🤖 AI Summary
Text-driven video editing suffers from temporal inconsistency and structural distortion in training-free methods due to latent-space video inversion. This paper introduces the first ODE-flow-guided editing paradigm that operates directly in data space—bypassing video inversion entirely—and models video evolution as a continuous dynamical process. Key contributions include: (1) an attention-modulated velocity field control mechanism for precise local motion modeling; (2) a semantic alignment guidance strategy based on differential signals to strengthen instruction-content consistency; and (3) a novel Classifier-Free Guidance variant integrating attention-guided masks with enhanced flow-based guidance. While preserving background content, our method significantly improves instruction adherence, temporal coherence, and structural fidelity.

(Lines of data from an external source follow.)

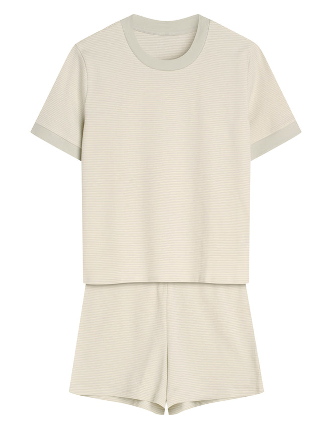 Легка піжама з м'якого бавовняного трикотажу Reese. Класичний комплект: футболка з коротким рукавом та шорти з еластичним поясом. Контрастні манжети додають акценту. Ідеальна для домашнього відпочинку та спокійного сну.
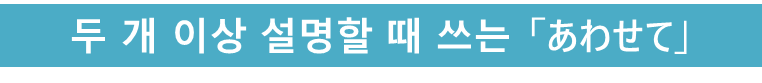 "아울러" 의 의미를 가진 「あわせて(併せて)」 는 한자 "병렬" 과 같이 둘 이상의 것을 나란히 설명 할 때 사용해요.
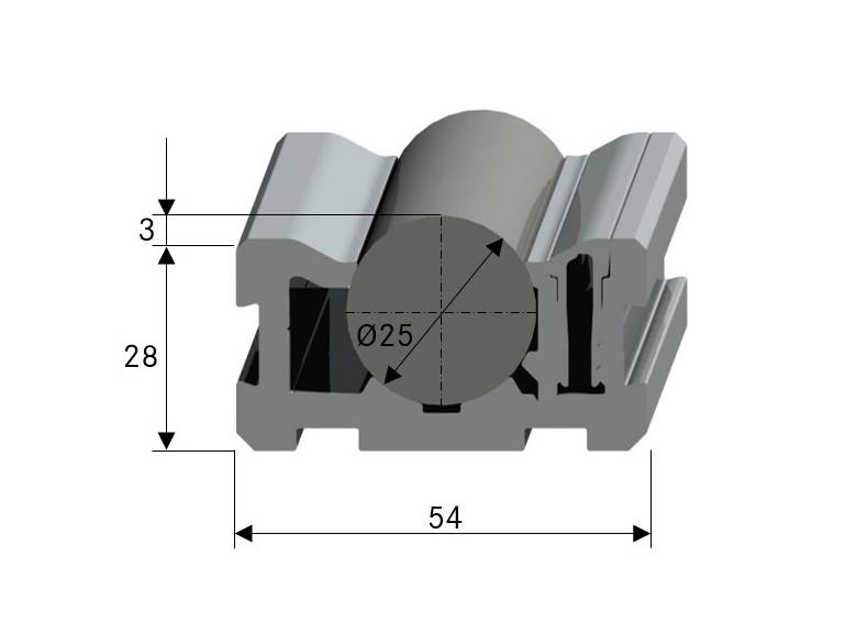 Due to its novel profile geometry, the waverail® features a significantly improved clamping system for fixing the shaft in the extruded aluminium profile.
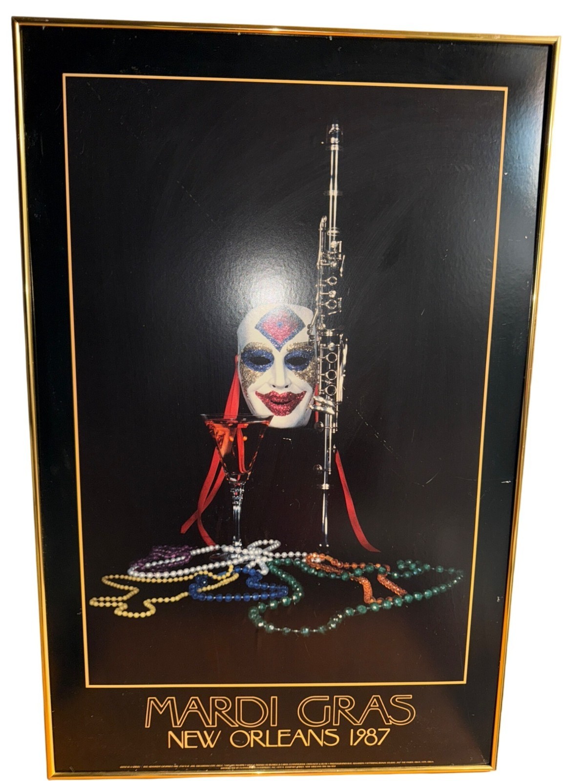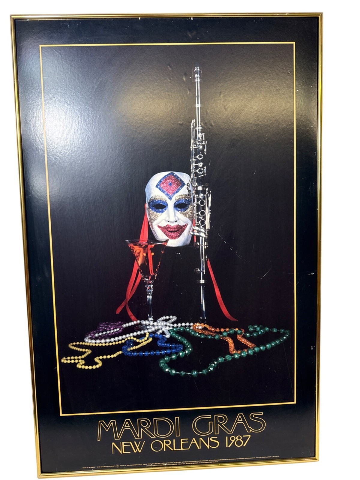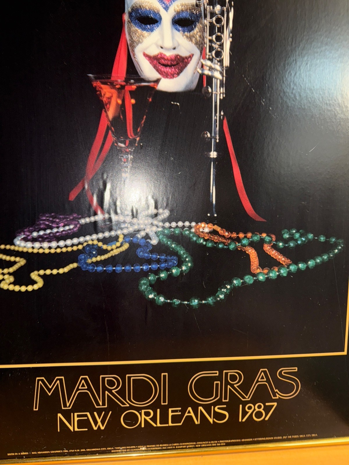 Mardi Gras New Orleans 1987 Framed Art Print With Mask Clarinet Beads & Martini
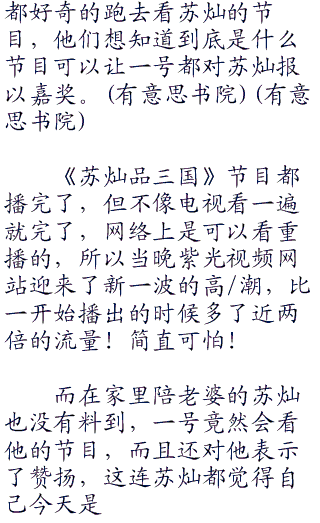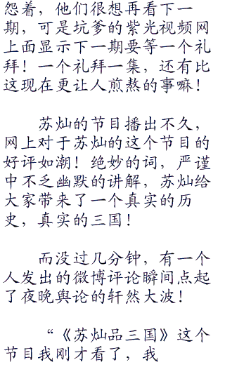 “本期大江东去就到这里结束了,下一期魏武挥鞭我再跟大家好好地品一品这纷乱的三国,这里是《苏灿品三国》,我们下期节目,再见!”
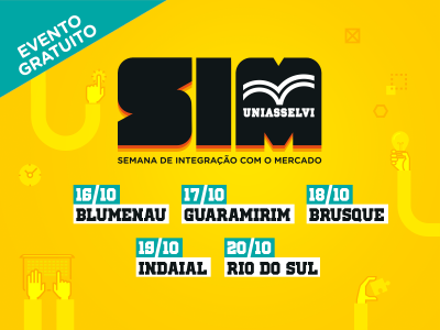 A UNIASSELVI realiza entre os dias 16 e 20 de outubro a Semana de Integração com o Mercado (SIM). Durante cinco dias, unidades da instituição em Santa Catarina receberão o evento. Com entrada gratuita, o SIM contará com feira de profissões, palestras sobre o mercado de trabalho e aulão de preparação para a redação do ENEM, com o Professor Rafael Cunha, do portal Descomplica.
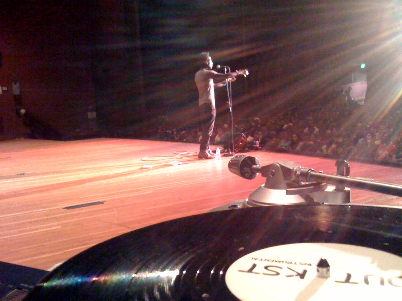 as if that wasn’t enough for one week, the very next day, thursday, i got to meet, do a poem and dj the event for saul williams! terpoets, the poetry group i helped create at the university of maryland, college park, brought saul to campus to perform and sign books. it was a big deal for me because his work has been very influential to me. this was my second time meeting him, so i am getting less star struck and treating him more like a human, which is a good thing. here is a pic from the best seat in the house.
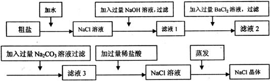 在实验操作中,通常需要加入过量的除杂试剂,有一化学课外活动小组为了除去粗盐中的杂质,设计了下列实验步骤:
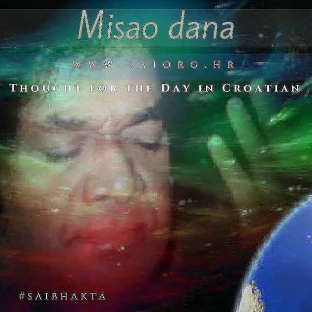 Croatian, 18.06.2018 Om Sri Sai Ram Misao dana 18. 6. 2018. Možda dolazite iz puno zemalja i različitih kultura i tradicija, jezika i stilova oblačenja, itd. Ali ta raznolikost ne bi trebala od našeg vida zakloniti jedinstvo Božanstva svojstvenog svima vama. Svijet danas je pogođen mnogim problemima i strahom koji se brzo širi (strahom od rata, gladi i demonskih terorista te problemima rasnih, religijskih i regionalnih sukoba, gospodarskog oporavka i preživljavanja, nediscipline učenika i studenata, vjerskih sukoba, histerije i fanatizma, borbe za moći i ekstremnog egoizma). Jedini lijek za ovaj prikradajući strah je stav nevezanosti (vairagyam). Kad je netko vezan za kompleks tijelo-um i time ograničen na „ja i moje“, strah je neizbježan. Nedvojna (advaitska) svijest da je ono čemu svjedočimo samo interpretacija našeg uma o stvarnosti, najbolji je lijek, a služenje najučinkovitija sadhana. (Božanski govor, 21. studenoga 1985.) Sathya Sai Baba http://bit.ly/2FGoaZq #sathyasai #saibhakta #dailysaigram 19 de junho de 2018Saibhakta Brasil View on Instagram http://bit.ly/2t7dPlt
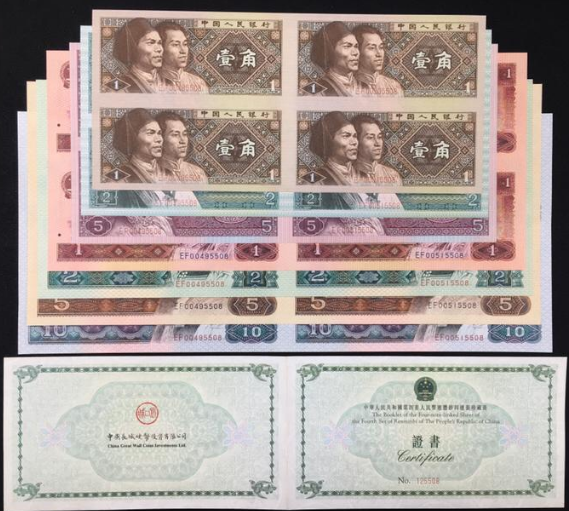 长城小四连是第四套人民币1角到10元的四连体,发行时间是2001年,面值为75,2元,发行量为20万套,发行之初价格大概在200元左右,去年市场价格高一点在5000元左右,今年价格稍微有些回落,价格在4000元左右。
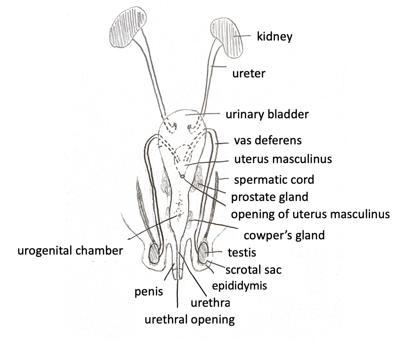 성체 수컷 생식계는 대부분의 포유류와 동일하게 형성되며, 세르톨리 세포가 포함된 세정관 구획과 라이디히 세포가 포함된 부강 구획이 있다.[72] 라이디히 세포는 테스토스테론을 생성하여 성욕[72]을 유지하고 생식 결절 및 음경과 같은 이차 성징을 만든다. 세르톨리 세포는 뮐러관을 흡수하는 항뮐러관 호르몬의 생성을 유발한다. 성체 수컷 토끼에서 음경의 포피는 원통형이며 생후 2개월부터 배출될 수 있다.[73] 음낭은 음경의 측면에 위치하며 고환을 보호하는 부고환 지방 패드를 포함한다. 10주에서 14주 사이에 고환이 내려오고 골반강으로 들어가서 체온을 조절할 수 있다.[73] 또한 고환과 같은 이차 성징은 복잡하며 많은 화합물을 분비한다. 이 화합물에는 과당, 구연산, 미네랄 및 독특하게 많은 양의 카탈라아제가 포함되며,[72] 이 모든 것이 토끼 정액의 특성에 영향을 미친다. 예를 들어 구연산은 응집과 양의 상관 관계가 있으며,[74] 다량의 카탈라아제는 조기 정자 활성화를 방지한다.[75]
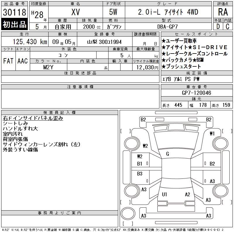 SUBARU XV 2.0I-L EYESIGHT 4WD - лот 30118
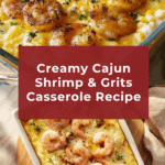 This Shrimp & Grits Casserole combines creamy, cheesy grits with tender, spicy shrimp for a comforting Southern-style dish. The quick-cooking grits are simmered in chicken broth and cream, then baked with shrimp seasoned with Cajun spices and topped with sharp cheddar cheese to create a rich, flavorful casserole perfect for an easy weeknight dinner or a cozy gathering.
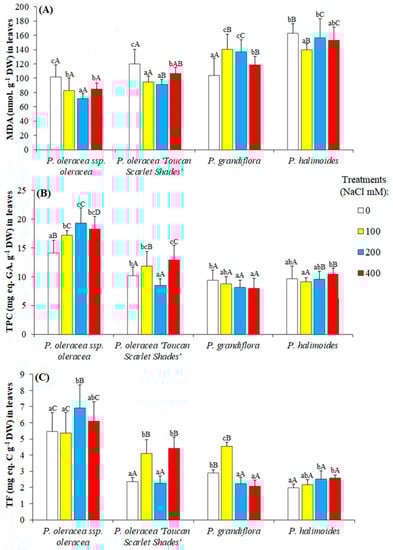 The pattern of variation of total flavonoid content in response to increasing salt concentrations was very similar to that of TPC (Figure 5B,C). Among the untreated control plants, it was observed that flavonoid content varied, with the highest content in P. oleracea L. subsp. oleracea (5.45 C. g−1 DW), while the lowest was in P. halimoides L. (1.97 C. g−1 DW). Under applied salt stress, TPC and TF levels fluctuated in the leaves of all four studied genotypes, showing no strong correlation with the increasing concentrations of applied NaCl, except for P. oleracea L. subsp. oleracea, though P. oleracea “Toucan Scarlet Shades” reported a significant increment in its accumulated TPC and TF when 400 mM NaCl was applied (in comparison to its controls).
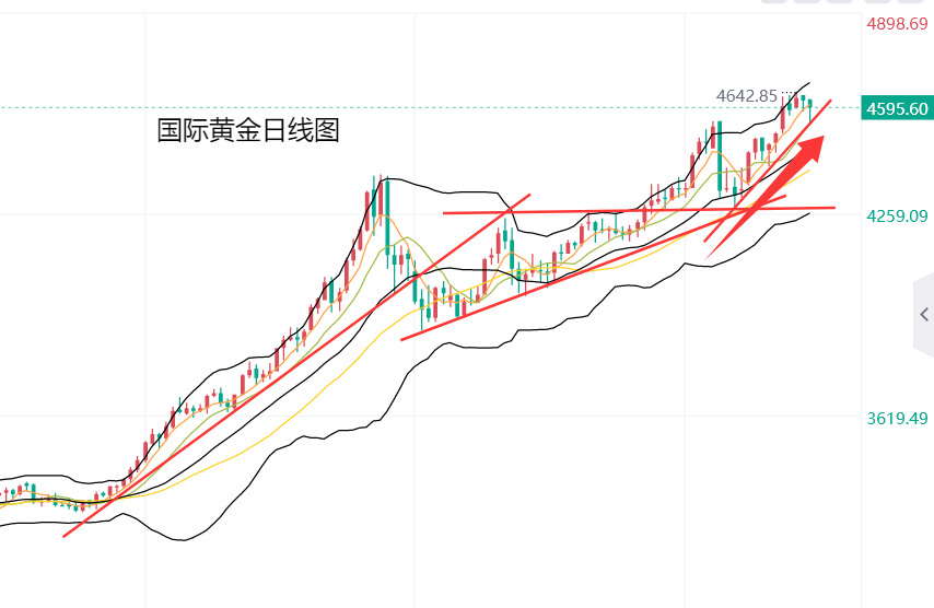 从之后的走势看,上周五亚欧盘中,黄金保持高位震荡,金价反弹4620美元遇阻,回落4591美元企稳,整体波动不大,美盘开盘,黄金回落4582企稳,反弹4620美元后,一波短线跳水急跌至4536美元,不过金价很快反抽至4600美元整数位置遇阻,此后基本保持4580到4600美元区间横盘。总体来看,黄金除了一波短线意外跳水反抽走势外,基本在我们给出的4580美元支撑上方保持震荡走势。

It achieves state-of-the-art performance across multiple quantitative and qualitative metrics.
📝 Abstract
Text-driven video editing aims to modify video content according to natural language instructions. While recent training-free approaches have made progress by leveraging pre-trained diffusion models, they typically rely on inversion-based techniques that map input videos into the latent space, which often leads to temporal inconsistencies and degraded structural fidelity. To address this, we propose FlowDirector, a novel inversion-free video editing framework. Our framework models the editing process as a direct evolution in data space, guiding the video via an Ordinary Differential Equation (ODE) to smoothly transition along its inherent spatiotemporal manifold, thereby preserving temporal coherence and structural details. To achieve localized and controllable edits, we introduce an attention-guided masking mechanism that modulates the ODE velocity field, preserving non-target regions both spatially and temporally. Furthermore, to address incomplete edits and enhance semantic alignment with editing instructions, we present a guidance-enhanced editing strategy inspired by Classifier-Free Guidance, which leverages differential signals between multiple candidate flows to steer the editing trajectory toward stronger semantic alignment without compromising structural consistency. Extensive experiments across benchmarks demonstrate that FlowDirector achieves state-of-the-art performance in instruction adherence, temporal consistency, and background preservation, establishing a new paradigm for efficient and coherent video editing without inversion.